A Personal Journey: From Early Computing Dreams to AGI
Back in 1988, when I was starting out in clinical informatics with my Leading Edge Model D 8088 computer, I had what seemed like a simple vision: Why couldn't we just "hook up" the National Library of Medicine, the CDC databases, my hospital's mainframe, and electronic textbooks like Scientific American Medicine into one interconnected system? Such a network could potentially answer any question about clinical medicine, public health, or medical research. It seemed so straightforward in concept—connect existing knowledge repositories and create something greater than the sum of its parts.
As it turned out, this wasn't nearly as simple as I had imagined. The technological barriers were immense, the data integration challenges overwhelming, and the conceptual framework for such systems barely existed. This realization sparked what would become a lifelong passion for understanding how we might create truly intelligent systems that could integrate and reason across vast domains of knowledge.
Now, decades later, we stand at a different frontier with Artificial General Intelligence. The vision has evolved far beyond my early dreams of connected medical databases, yet the fundamental questions remain: How do we create systems that can reason across domains? When might we achieve this breakthrough?

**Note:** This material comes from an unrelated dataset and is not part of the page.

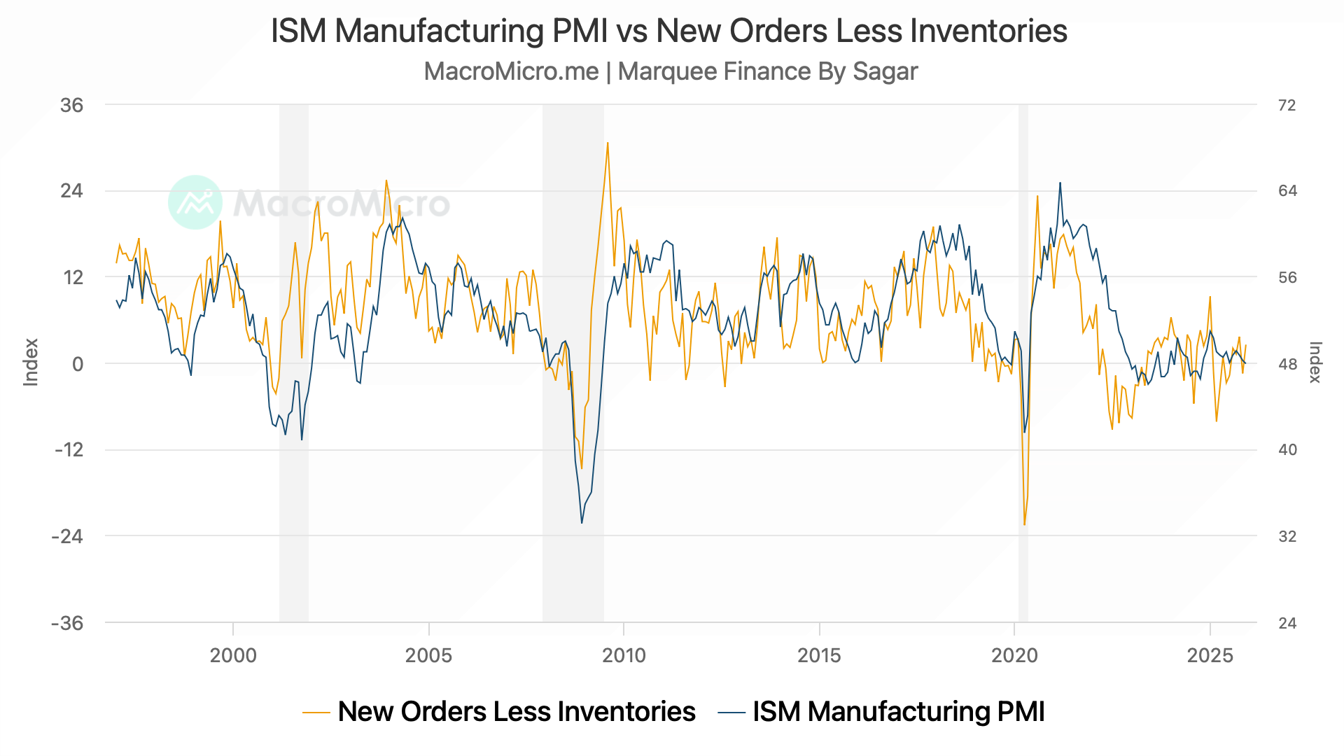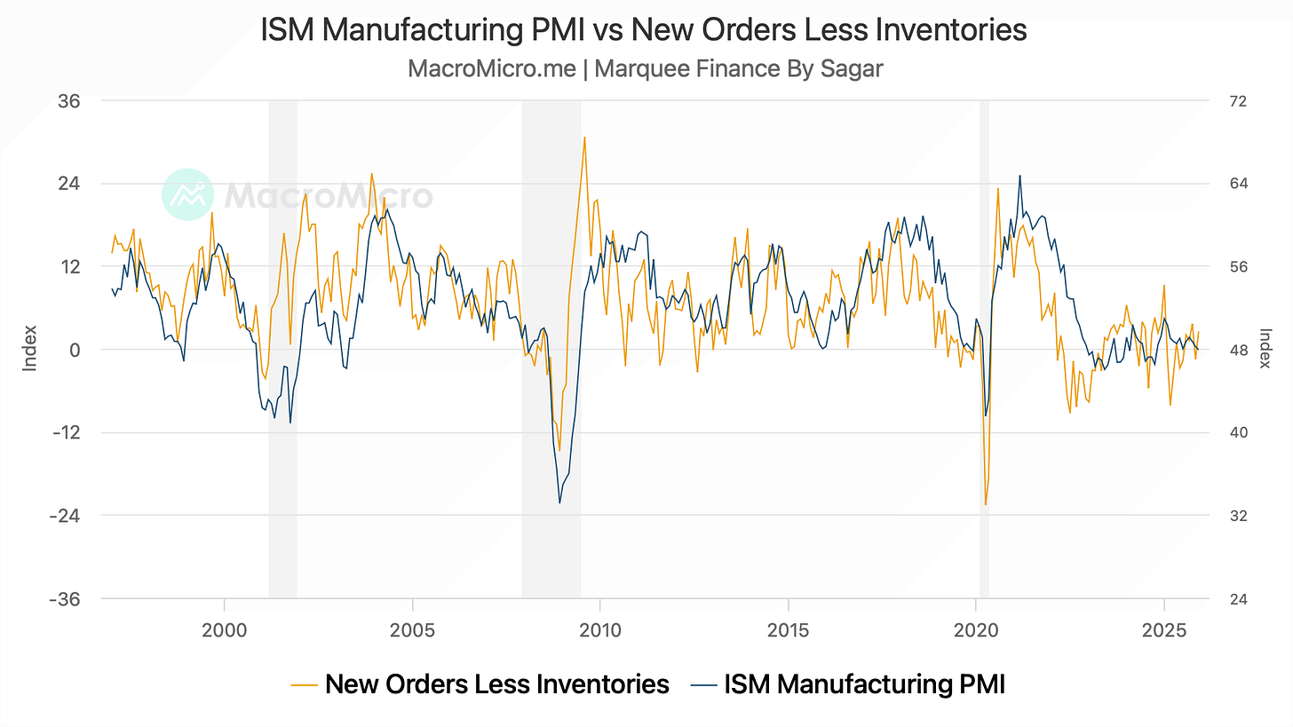 ISM New Orders Less Inventories leads the headline number.

And what will it mean for humanity when we do?
The New Reality of AGI Discussions
Artificial General Intelligence has transcended its traditional boundaries. No longer confined to academic papers or science fiction, conversations about AGI now permeate boardrooms, Senate hearings, and increasingly, our everyday discussions. Many experts describe feeling the possibility of AGI becoming "extremely visceral"—something they can almost "see" on the horizon. But what exactly are we talking about when we discuss AGI? When might this technological watershed arrive? And perhaps most importantly, what implications does it hold for humanity—both as individuals and as a collective society?

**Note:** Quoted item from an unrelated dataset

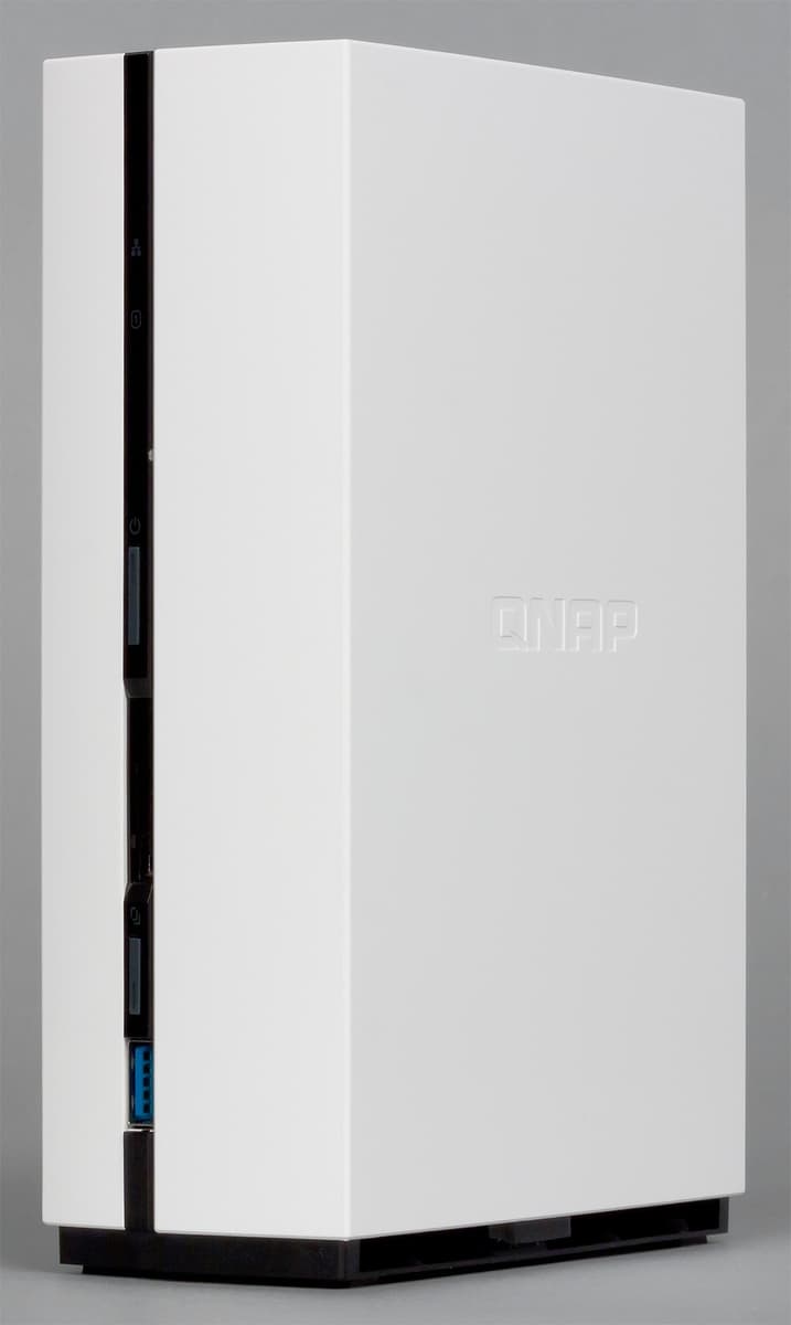 Далее подключаем питание и сетевой кабель и включаем питание устройства. Следующий шаг — установка программного обеспечения. Для этого нужно найти устройство в сети программой QFinder (или по логам роутера) и открыть его веб-интерфейс. Указываем имя, пароль администратора, время, IP-адрес (можно оставить DHCP), запускаем форматирование дискового тома, и через несколько минут накопитель готов к работе.

Understanding AGI: Beyond Simple Definitions and Dutch Elm Disease
During my graduate school days at Stanford, where I was working diligently on building a diagnostic expert system, my wife gave me a cartoon that I've kept to this day. It showed a doctor and patient huddled over a computer, with the doctor saying, "I typed your symptoms into the computer and it says you have 'Dutch Elm disease'!" That cartoon has stayed with me through decades of technological advancement—a humbling reminder of both the promise and the limitations of artificial intelligence in medicine.
This anecdote illustrates a fundamental challenge we still face with AI systems: the gap between specialized knowledge and true understanding. Our early expert systems could follow programmed rules and make impressive-looking diagnoses, but they lacked the general intelligence to recognize when they'd wandered completely outside the realm of human ailments and into arboreal diseases!

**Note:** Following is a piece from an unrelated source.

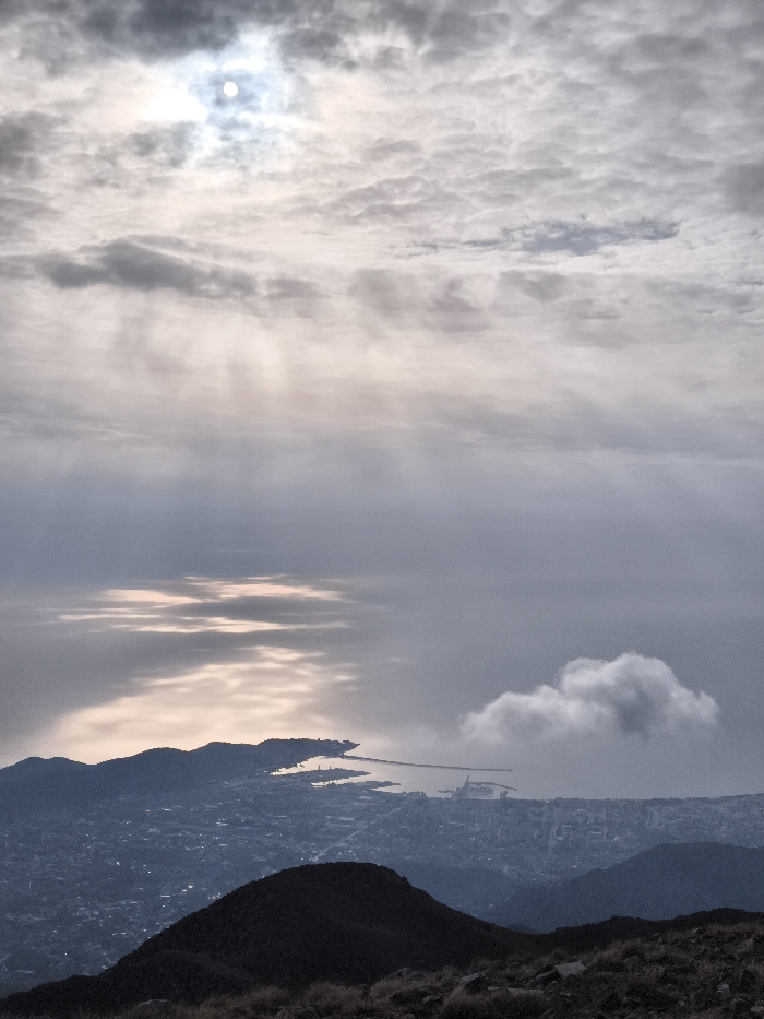 This panoramic image, captured from a high elevation in Mali Mikulići, Montenegro, presents a vast coastal landscape under a heavily clouded sky. The sun, a bright white disc, is partially obscured by dense grey and white clouds in the upper left, casting diffuse light and faint crepuscular rays downward into the atmosphere. Beneath the clouds, the sea reflects elongated streaks of sunlight, indicating a surface interaction with direct light. A prominent coastline features dark, undulating hills and peninsulas, framing a sprawling urban area with discernible buildings and infrastructure, including a significant port facility with docks and cranes on the right side of the main bay. A singular white cumulus cloud hovers independently above the cityscape in the mid-right. The immediate foreground shows the dark, rugged silhouette of a mountain ridge, from which the photograph appears to have been taken. No individuals are present in the scene.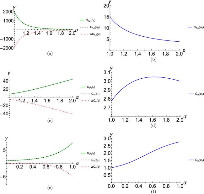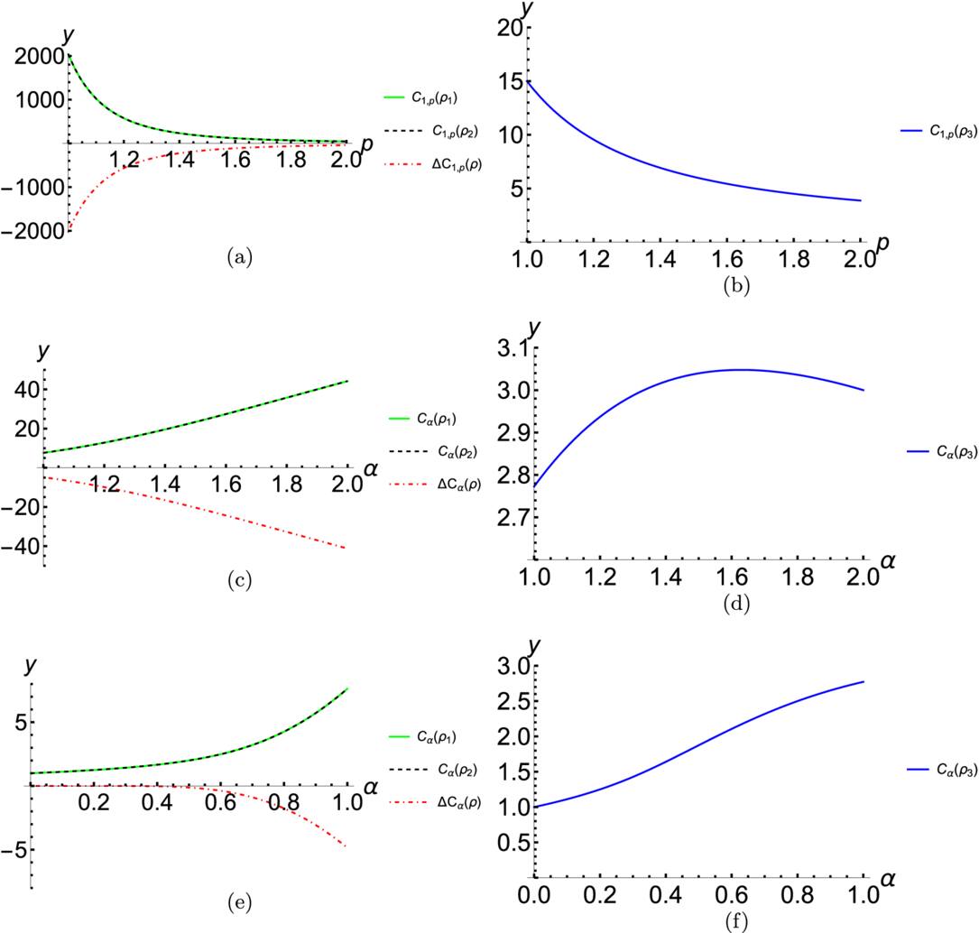 Figure 1. Subfigures (a) and (b) ((c), (d), (e) and (f)) are for the case that the coherence based on the l1,p norm (Tsallis relative α entropy). (a), (b) The coherence with respect to H (green), U (black dashed), F† (blue) and the variations of coherence based on the l1,p norm (red dot-dashed). (c), (d) The coherence with respect to H (green), U (black dashed), F† (blue) and the variations of coherence based on the Tsallis relative α entropy (red dot-dashed), where α ∈ (1, 2]. (e), (f) The coherence with respect to H (green), U (black dashed), F† (blue) and the variations of coherence based on the Tsallis relative α entropy (red dot-dashed), where α ∈ (0, 1). |

When we talk about AGI today, we're discussing something far beyond those early rule-based systems. AGI isn't defined by rigid parameters, and the concept has deep historical roots dating back to the very birth of artificial intelligence in 1956. Initially, researchers conceived AGI as artificial intelligence capable of matching or exceeding human cognitive abilities across diverse tasks. The term later gained momentum as what senior researchers called a "refreshing call for ambitious projects" that moved beyond narrow AI applications—like my early diagnostic system that couldn't distinguish between human and tree diseases.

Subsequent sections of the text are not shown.